(Beginning of Extracted information)
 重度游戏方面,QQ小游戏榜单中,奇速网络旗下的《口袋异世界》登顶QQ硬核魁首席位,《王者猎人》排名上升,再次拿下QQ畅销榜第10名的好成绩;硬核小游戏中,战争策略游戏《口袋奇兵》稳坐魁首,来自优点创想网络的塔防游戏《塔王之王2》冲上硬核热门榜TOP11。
(End of Extracted information)
(Beginning of Extracted information)
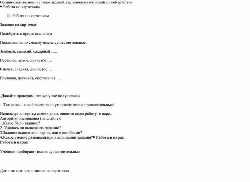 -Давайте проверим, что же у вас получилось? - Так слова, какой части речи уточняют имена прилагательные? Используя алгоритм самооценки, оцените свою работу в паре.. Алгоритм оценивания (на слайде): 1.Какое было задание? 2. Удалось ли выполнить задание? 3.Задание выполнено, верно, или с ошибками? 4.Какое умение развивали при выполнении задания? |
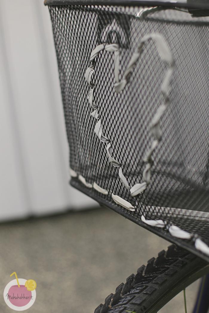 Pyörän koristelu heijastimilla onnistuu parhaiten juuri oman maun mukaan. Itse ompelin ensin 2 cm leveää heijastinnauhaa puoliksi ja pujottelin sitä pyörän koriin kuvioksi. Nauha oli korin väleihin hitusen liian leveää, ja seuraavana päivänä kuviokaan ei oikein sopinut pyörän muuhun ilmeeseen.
(End of Extracted information)
(Beginning of Extracted information)
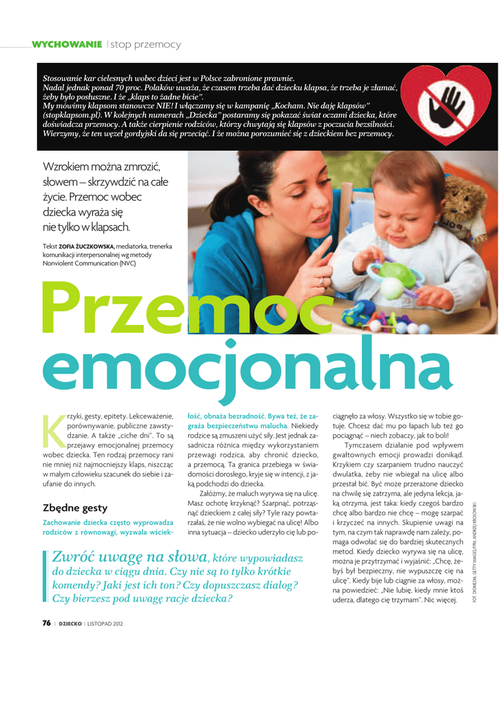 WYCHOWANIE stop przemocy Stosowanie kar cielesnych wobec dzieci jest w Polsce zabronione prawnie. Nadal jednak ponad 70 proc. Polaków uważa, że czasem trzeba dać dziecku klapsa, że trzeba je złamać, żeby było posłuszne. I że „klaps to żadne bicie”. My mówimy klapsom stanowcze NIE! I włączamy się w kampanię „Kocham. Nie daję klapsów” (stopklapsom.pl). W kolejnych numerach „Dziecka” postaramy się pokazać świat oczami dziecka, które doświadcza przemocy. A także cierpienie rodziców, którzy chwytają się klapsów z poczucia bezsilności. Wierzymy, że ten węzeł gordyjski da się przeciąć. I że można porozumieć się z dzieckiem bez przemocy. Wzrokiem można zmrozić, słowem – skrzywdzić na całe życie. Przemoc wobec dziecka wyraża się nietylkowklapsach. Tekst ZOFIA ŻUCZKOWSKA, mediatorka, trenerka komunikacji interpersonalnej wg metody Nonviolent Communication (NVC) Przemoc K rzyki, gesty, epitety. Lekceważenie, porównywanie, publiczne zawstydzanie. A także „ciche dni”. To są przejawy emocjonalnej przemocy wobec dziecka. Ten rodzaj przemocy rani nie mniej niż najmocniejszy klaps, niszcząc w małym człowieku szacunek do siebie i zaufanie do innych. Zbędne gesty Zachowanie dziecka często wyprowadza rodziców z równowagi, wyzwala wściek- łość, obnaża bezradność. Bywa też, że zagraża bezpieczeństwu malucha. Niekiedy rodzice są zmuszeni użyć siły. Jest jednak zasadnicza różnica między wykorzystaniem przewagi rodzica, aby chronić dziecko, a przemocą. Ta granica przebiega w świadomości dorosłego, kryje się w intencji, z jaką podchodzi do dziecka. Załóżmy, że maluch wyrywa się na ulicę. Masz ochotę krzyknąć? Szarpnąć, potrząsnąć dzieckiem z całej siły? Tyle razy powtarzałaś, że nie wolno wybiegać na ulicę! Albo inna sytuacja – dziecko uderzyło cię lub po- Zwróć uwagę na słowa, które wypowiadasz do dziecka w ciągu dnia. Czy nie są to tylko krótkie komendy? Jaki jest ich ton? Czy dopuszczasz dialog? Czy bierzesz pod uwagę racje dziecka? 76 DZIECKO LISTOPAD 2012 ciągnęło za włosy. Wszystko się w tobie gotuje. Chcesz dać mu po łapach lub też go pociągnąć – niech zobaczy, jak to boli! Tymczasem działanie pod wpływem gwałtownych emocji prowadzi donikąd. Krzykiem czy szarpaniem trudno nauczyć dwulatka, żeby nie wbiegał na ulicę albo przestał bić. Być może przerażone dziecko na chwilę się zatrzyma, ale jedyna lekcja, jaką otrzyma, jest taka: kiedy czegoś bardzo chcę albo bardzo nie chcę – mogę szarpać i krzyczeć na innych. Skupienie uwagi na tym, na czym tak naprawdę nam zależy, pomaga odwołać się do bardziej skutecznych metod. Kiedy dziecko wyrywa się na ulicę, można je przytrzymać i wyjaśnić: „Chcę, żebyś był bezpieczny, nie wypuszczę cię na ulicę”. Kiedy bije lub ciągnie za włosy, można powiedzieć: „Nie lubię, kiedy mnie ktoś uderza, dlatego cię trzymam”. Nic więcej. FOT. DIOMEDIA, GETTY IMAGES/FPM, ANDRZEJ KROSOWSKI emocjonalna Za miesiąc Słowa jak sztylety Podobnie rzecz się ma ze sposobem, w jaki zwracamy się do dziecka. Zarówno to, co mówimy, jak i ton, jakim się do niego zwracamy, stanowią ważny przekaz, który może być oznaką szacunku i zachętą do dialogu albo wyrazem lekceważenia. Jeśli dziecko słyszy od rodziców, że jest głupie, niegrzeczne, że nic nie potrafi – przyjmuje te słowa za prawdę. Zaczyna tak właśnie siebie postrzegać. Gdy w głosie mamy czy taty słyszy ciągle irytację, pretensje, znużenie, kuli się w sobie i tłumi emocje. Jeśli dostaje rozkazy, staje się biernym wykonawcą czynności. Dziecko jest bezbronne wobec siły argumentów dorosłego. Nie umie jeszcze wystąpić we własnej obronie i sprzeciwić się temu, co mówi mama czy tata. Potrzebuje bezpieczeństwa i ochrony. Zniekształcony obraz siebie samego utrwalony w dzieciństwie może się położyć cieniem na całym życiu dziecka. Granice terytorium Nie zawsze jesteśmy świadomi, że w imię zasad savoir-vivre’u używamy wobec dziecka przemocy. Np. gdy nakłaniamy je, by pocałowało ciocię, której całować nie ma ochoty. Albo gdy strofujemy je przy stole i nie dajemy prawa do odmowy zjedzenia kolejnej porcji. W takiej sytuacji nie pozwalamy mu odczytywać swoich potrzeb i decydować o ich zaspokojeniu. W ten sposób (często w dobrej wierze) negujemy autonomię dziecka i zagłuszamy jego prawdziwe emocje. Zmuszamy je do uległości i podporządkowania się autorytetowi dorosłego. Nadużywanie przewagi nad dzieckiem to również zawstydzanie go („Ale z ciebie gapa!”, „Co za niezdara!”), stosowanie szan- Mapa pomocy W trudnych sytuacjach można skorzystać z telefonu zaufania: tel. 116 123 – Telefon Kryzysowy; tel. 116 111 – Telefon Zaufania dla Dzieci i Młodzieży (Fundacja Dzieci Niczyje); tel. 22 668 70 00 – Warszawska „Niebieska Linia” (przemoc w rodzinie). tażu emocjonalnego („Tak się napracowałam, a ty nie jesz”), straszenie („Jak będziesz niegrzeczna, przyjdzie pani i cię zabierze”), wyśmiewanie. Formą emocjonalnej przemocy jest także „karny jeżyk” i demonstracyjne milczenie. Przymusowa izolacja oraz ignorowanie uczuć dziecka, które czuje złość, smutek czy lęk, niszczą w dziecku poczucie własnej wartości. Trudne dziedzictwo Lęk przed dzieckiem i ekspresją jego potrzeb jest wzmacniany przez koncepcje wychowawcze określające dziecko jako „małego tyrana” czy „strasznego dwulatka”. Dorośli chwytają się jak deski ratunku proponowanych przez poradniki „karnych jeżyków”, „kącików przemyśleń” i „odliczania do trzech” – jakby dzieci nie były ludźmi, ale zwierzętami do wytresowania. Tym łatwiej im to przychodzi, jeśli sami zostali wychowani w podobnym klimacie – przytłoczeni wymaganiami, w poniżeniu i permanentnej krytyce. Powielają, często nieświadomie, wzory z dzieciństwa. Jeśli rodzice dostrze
(End of Extracted information)
### Your goal
Write out word for word the lines of the listing above from the line with "-Давайте проверим, что" to the line with "Pyörän koristelu heijastimilla", taking in both of those lines but no pictures.

### Response area
 -Давайте проверим, что же у вас получилось? - Так слова, какой части речи уточняют имена прилагательные? Используя алгоритм самооценки, оцените свою работу в паре.. Алгоритм оценивания (на слайде): 1.Какое было задание? 2. Удалось ли выполнить задание? 3.Задание выполнено, верно, или с ошибками? 4.Какое умение развивали при выполнении задания? |
 Pyörän koristelu heijastimilla onnistuu parhaiten juuri oman maun mukaan. Itse ompelin ensin 2 cm leveää heijastinnauhaa puoliksi ja pujottelin sitä pyörän koriin kuvioksi. Nauha oli korin väleihin hitusen liian leveää, ja seuraavana päivänä kuviokaan ei oikein sopinut pyörän muuhun ilmeeseen.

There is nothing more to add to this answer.